Yeah, it's one of my favorite shows. There are a lot of good ones from that venue. Check out the Hugh Masekela concert. And there's a good one by Larry Carlton.


----------



## Captainnumber36 (Jan 19, 2017)

starthrower said:


> Yeah, it's one of my favorite shows. There are a lot of good ones from that venue. Check out the Hugh Masekela concert. And there's a good one by Larry Carlton.


I think Medeski Scofield Martin and Wood played there.


----------



## Captainnumber36 (Jan 19, 2017)

They did:


----------



## starthrower (Dec 11, 2010)

Captainnumber36 said:


> I think Medeski Scofield Martin and Wood played there.


I think I've seen that one. I love Sco, so I've watched a lot of his shows.


----------



## Art Rock (Nov 28, 2009)

Steven Wilson and Ninet Tayeb cover Bowie's Space Oddity at the Hammersmith Apollo 27th Jan 2016.

Both Bowie and Wilson are among my all-time favourite pop/rock artists, and I love this tribute to the late great Tin Duke.

Ninet Tayeb has worked with Wilson on a number of his best albums.


----------



## Captainnumber36 (Jan 19, 2017)

Art Rock said:


> Steven Wilson and Ninet Tayeb cover Bowie's Space Oddity at the Hammersmith Apollo 27th Jan 2016.
> 
> Both Bowie and Wilson are among my all-time favourite pop/rock artists, and I love this tribute to the late great Tin Duke.
> 
> Ninet Tayeb has worked with Wilson on a number of his best albums.
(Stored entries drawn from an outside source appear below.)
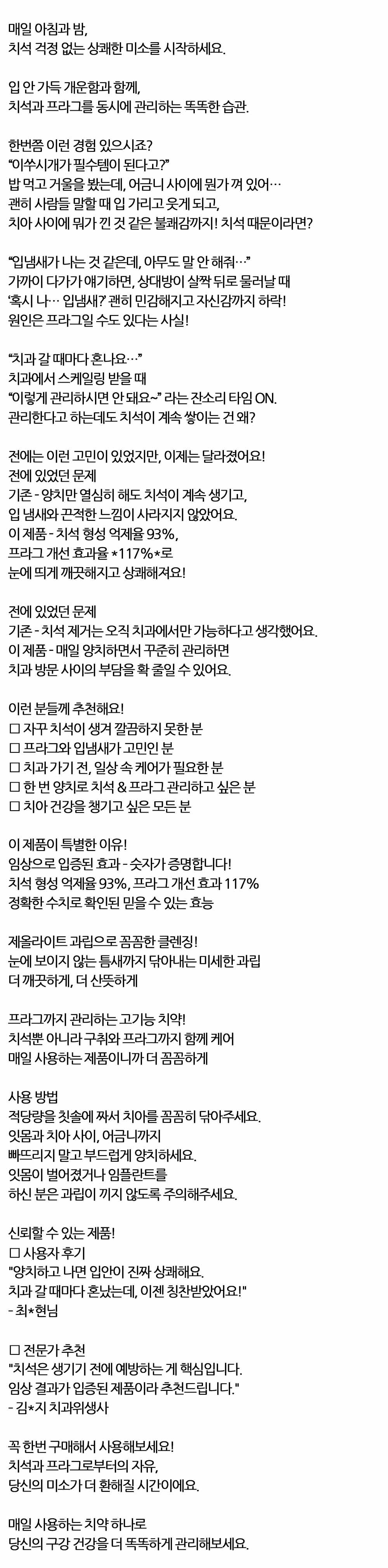 치석은 생기기 전에 예방하는 게 핵심 치약 120g 3입
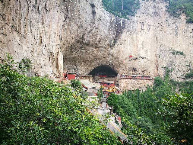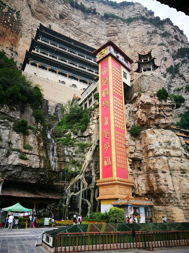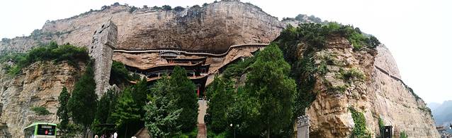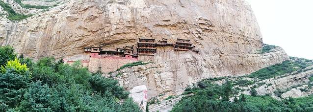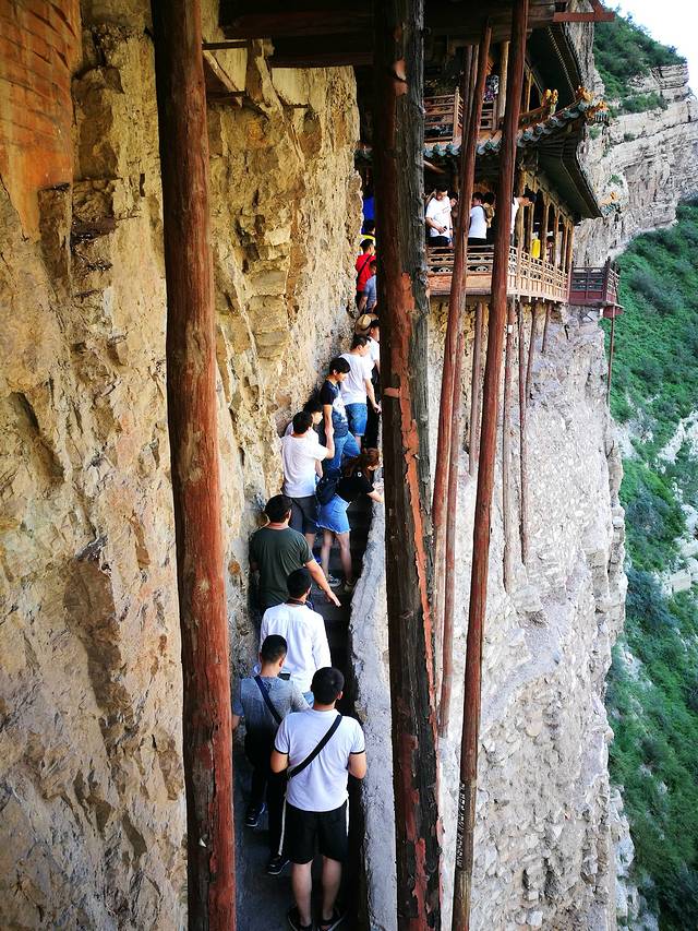 一路行来,中午到达悬空寺,位于大同市的郊县浑源县,与北岳恒山距离很近。悬空寺有两道门票,进门25元,登临寺内100元。老人们不愿爬楼梯,我们既然来了,当然要登临一览。悬空寺有大小四十余间房屋,全都建在悬崖上,以台阶栈道相连,木桩支撑,抗震性能还出奇的好,让人叹为观止。网上下载的解说没什么用,只有一两分钟的介绍。路上碰到一群高大壮实凸肚的老外,担心他们如何爬上栈道,钻进楼梯口。
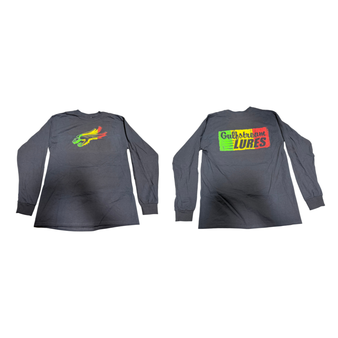 Long Sleeve Gulfstream Lures Cotton Tee in Rasta Black – Classic comfort meets style with soft, breathable cotton and the iconic Gulfstream logo.
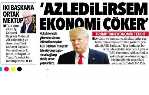 به گزارش گروه بینالملل خبرگزاری تسنیم، بسیاری از روزنامههای ترکیه، امروز در عکس و تیتر صفحه نخست خود، اظهارات دونالد ترامپ در مورد پیامدهای محاکمه و عزل او را برجسته کردهاند. همچنین این روزنامهها موضوعات دیگری مانند کشته شدن فرماندهان پ.ک.ک و فرار نماینده سابق شرناخ به یونان را مورد توجه قرار دادهاند.

Great! Really enjoyed, thanks for sharing.


----------



## Serge (Mar 25, 2010)

Is it just me or Space Oddity sounds like something coming from the Spinal Tap movie? :tiphat:

Anyway, moving right along...

Astor Piazzolla - Muerte del Angel - Russian Renaissance


----------



## Captainnumber36 (Jan 19, 2017)

Serge said:


> Is it just me or Space Oddity sounds like something coming from the Spinal Tap movie? :tiphat:
> 
> Anyway, moving right along...
> 
> Astor Piazzolla - Muerte del Angel - Russian Renaissance


Exquisite! Fantastic performance and very unique composition.


----------



## Captainnumber36 (Jan 19, 2017)

Allman Brothers - Dreams:


----------



## KevinJS (Sep 24, 2021)

Steve Hackett - Shadow of the Hierophant


----------



## Captainnumber36 (Jan 19, 2017)

KevinJS said:


> Steve Hackett - Shadow of the Hierophant


All been great guys. This one was not the exception!


----------



## Captainnumber36 (Jan 19, 2017)

Bela Fleck: That Old Thing/Earth Jam:


----------



## Captainnumber36 (Jan 19, 2017)

Oscar Peterson:


----------



## Rogerx (Apr 27, 2018)

Live vocals from Justin against studio backtrack in this performance for French tv. 
Unforgettable .


----------



## Captainnumber36 (Jan 19, 2017)

Rogerx said:


> Live vocals from Justin against studio backtrack in this performance for French tv.
> Unforgettable .


Didn't much care for this one for some reason. I think it's his voice, eewww.


----------



## Rogerx (Apr 27, 2018)

Captainnumber36 said:


> Didn't much care for this one for some reason. I think it's his voice, eewww.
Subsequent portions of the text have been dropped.